Opinion: Doug Thompson

Primaries: The end begins
By Doug Thompson

Nevada was bad news for Barack Obama and South Carolina for Mike Huckabee. For Obama, the results are particularly grave.
Some readers may remember that I was going to talk about Democratic frontrunner Hillary Clinton’s blunder regarding Martin Luther King, Jr. this week. John Brummett said what I was going to say, only better, in his column in The Morning News on Saturday.
Suffice it to say that giving an ambitious, unscrupulous politician credit for crossing the goal line in King’s victory was beyond dumb. Dr. King died for his ideals. Lyndon Baines Johnson had none. Crediting Johnson for doing the right thing under pressure – passing a civil rights act to ensure rights that should have been guaranteed by simply being human – is exactly the type of “momma knows best,” “be grateful for what we give you” type of liberal white elitism that drives everybody else crazy, white or black. Clinton should avoid such talk like the plague.

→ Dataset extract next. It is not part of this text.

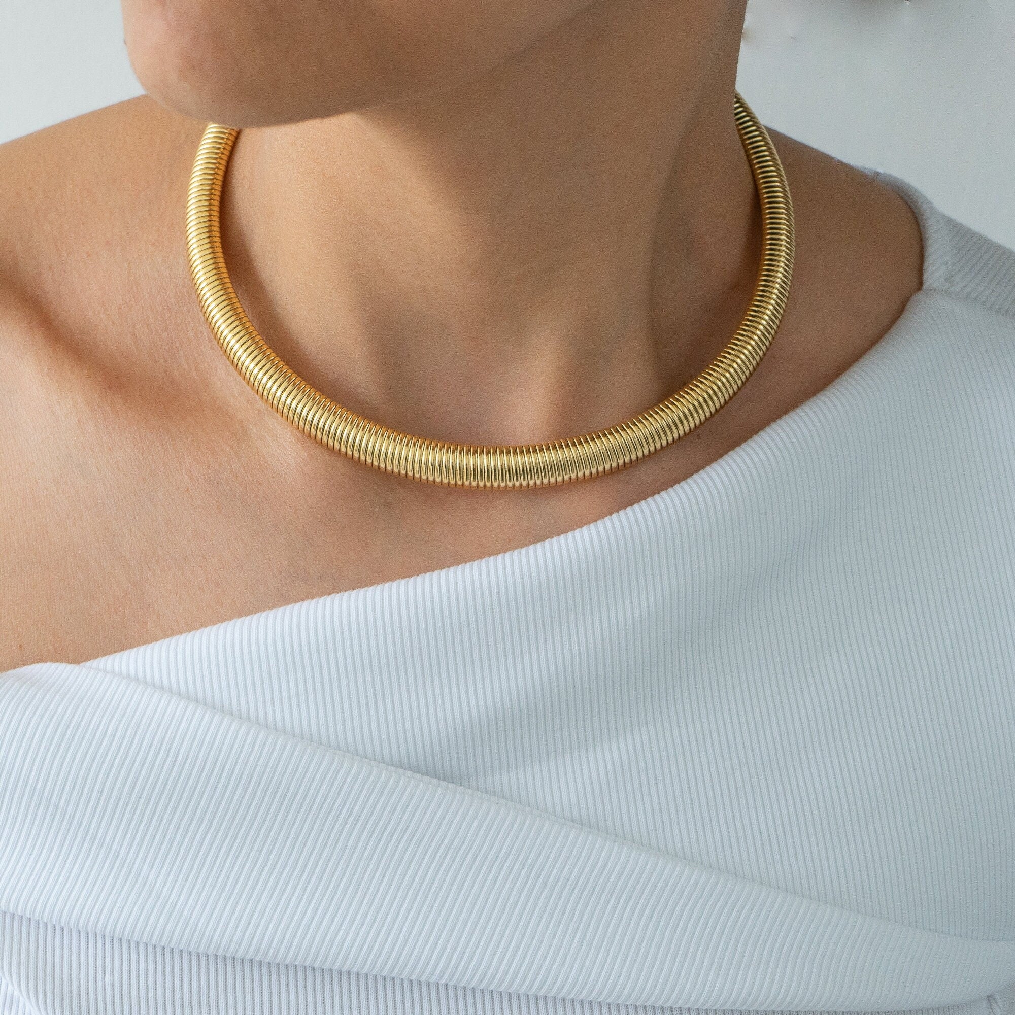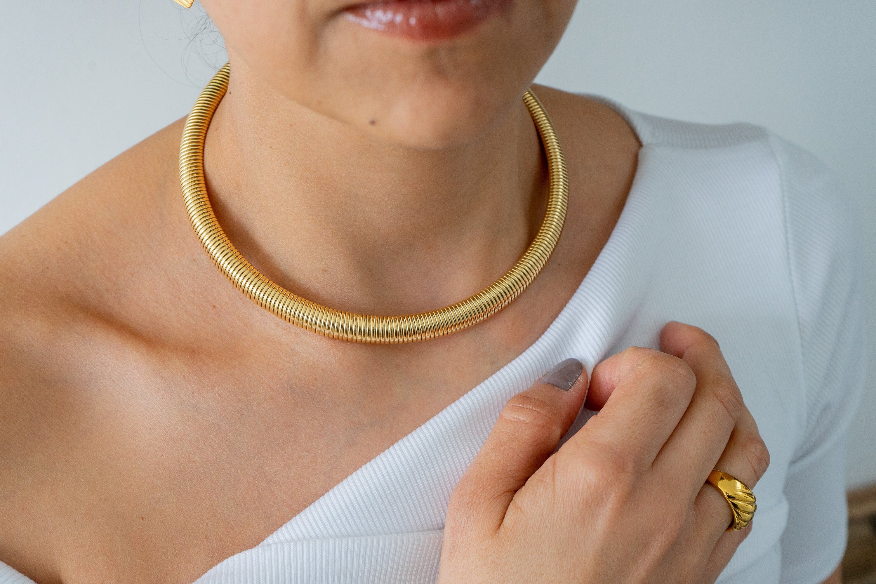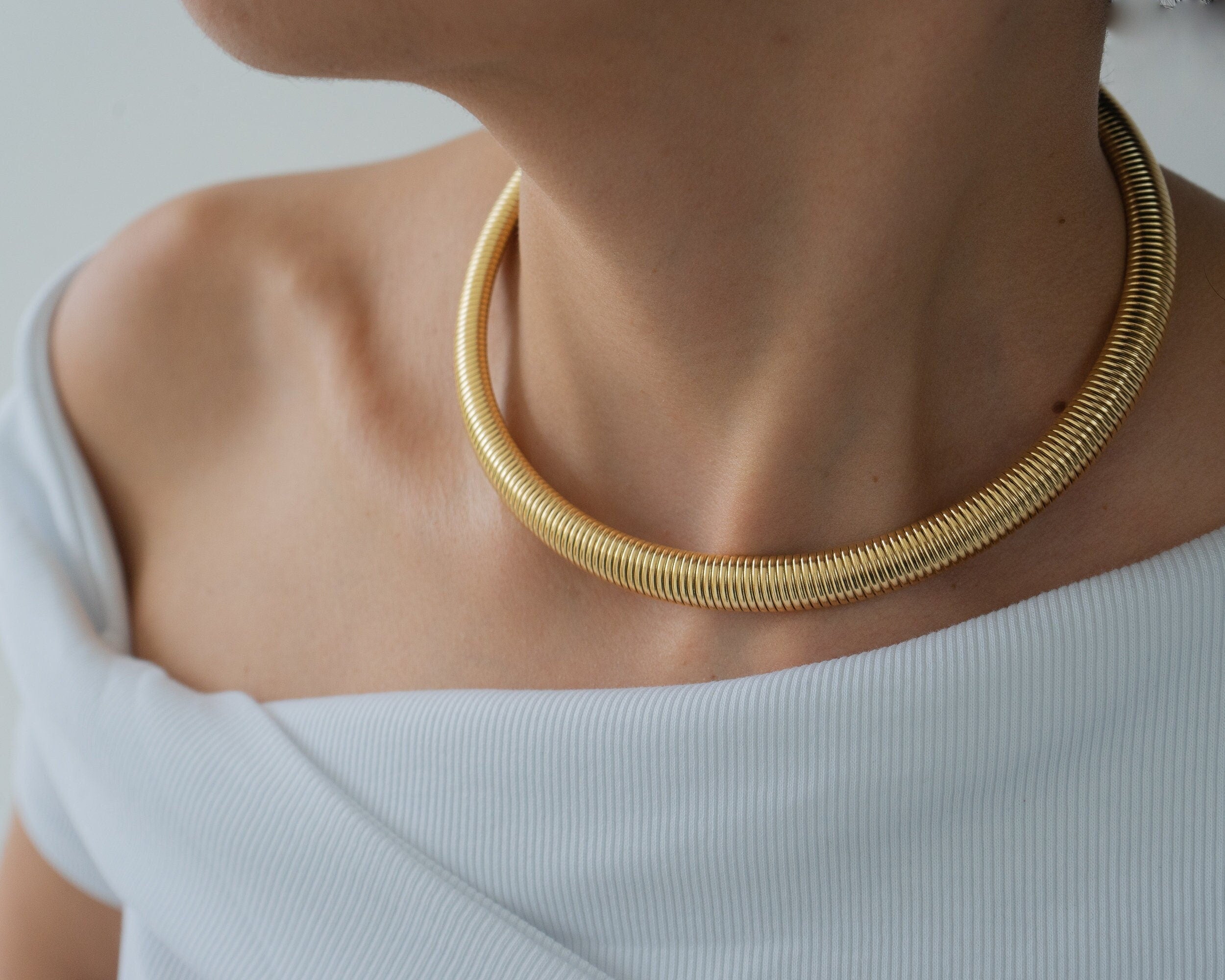Elevate your style this season with the gold oversized snake collar, a striking necklace designed to enhance any outfit. Expertly crafted from high-quality stainless steel, this piece combines strength and durability with rust resistance, ensuring it retains its luster over time. Its smooth, serpentine design catches the light beautifully, making it a versatile accessory that can be worn alone for a bold statement or layered with other necklaces for a unique look.

Now, why do I think Nevada is a very bad sign for Obama? Because the last unknown factor in the Democratic primary was, which way will John Edwards voters go once Edwards isn’t a factor.
Nevada was the first Democratic primary where Edwards clearly wasn’t a serious factor. Overwhelmingly, it appears, Edwards working-class voters went to Clinton.
In hindsight, this isn’t surprising. Obama’s supporters have always tended toward the college-educated well to do, the young and the ideological. In short, a lot of people who support him have good jobs that provide health insurance or who, to be blunt, don’t have a lot of people depending on them.
People closer to the economic edge who have kids, especially ones who have had their ArKids First benefits kicked around like a political football, are more interested in the government actually and reliably provide necessary services. They are more interested in managerial competence than sweeping though nebulous promises of change that rolls over the partisan divide from a guy who’s struggling to win his party’s primary.
Are you a Democratic voter interested in justice? Interested in not having U.S. attorneys who summon a voter fraud probe every time people with your pigmentation go vote? Then you’re probably a Hillary Clinton supporter. Worried about the economy and not having a job soon? Then you probably want a Clinton’s steady hand on the tiller. Interested in having consumer protection services that keep lead-based paint out of your toddler’s mouth? Then you’re probably a Clinton voter.
These sorts of thing – not pandering – are why the Clintons have always done well among black voters. Black voters are far more likely to be poor, actively discriminated against and treated by the justice system as guilty until proven innocent. Like every other constituency, they’re more interested in action than talk. During the Clinton years, they saw action.
Working people support Edwards and Clinton. Working people – particularly working women, for whom an unplanned pregnancy would be a financial and personal disaster – choose Hillary if Edwards is not an option.
Worse, Obama continues to show something very close to annoyance when people don’t vote his way. Somebody tell him this “man of destiny” act has worn thin. Is this how he’s going to cope if he’s elected president and the partisan divide fails to disappear? What’s he going to do, pout really hard?
I said it after New Hampshire. Here it comes again. Barack Obama needs to admit he’s contributing to his own defeat and change something. He’s hoping to avoid that by winning in South Carolina with its large black vote.
The man would rather risk defeat than admit he made mistakes and lost races he should have won. He got important union endorsements in Nevada. Significantly, he didn’t appear to get the union members’ votes. This is serious. He prefers to ignore it.
A guy who’d rather lose than admit he made a mistake. Sounds familiar.
As for Huckabee, he’s just proven that he can’t win an evangelical Southern state. This begs the question: What good is he?
I don’t mean to give Huckabee the short shrift here, but what else is there to say?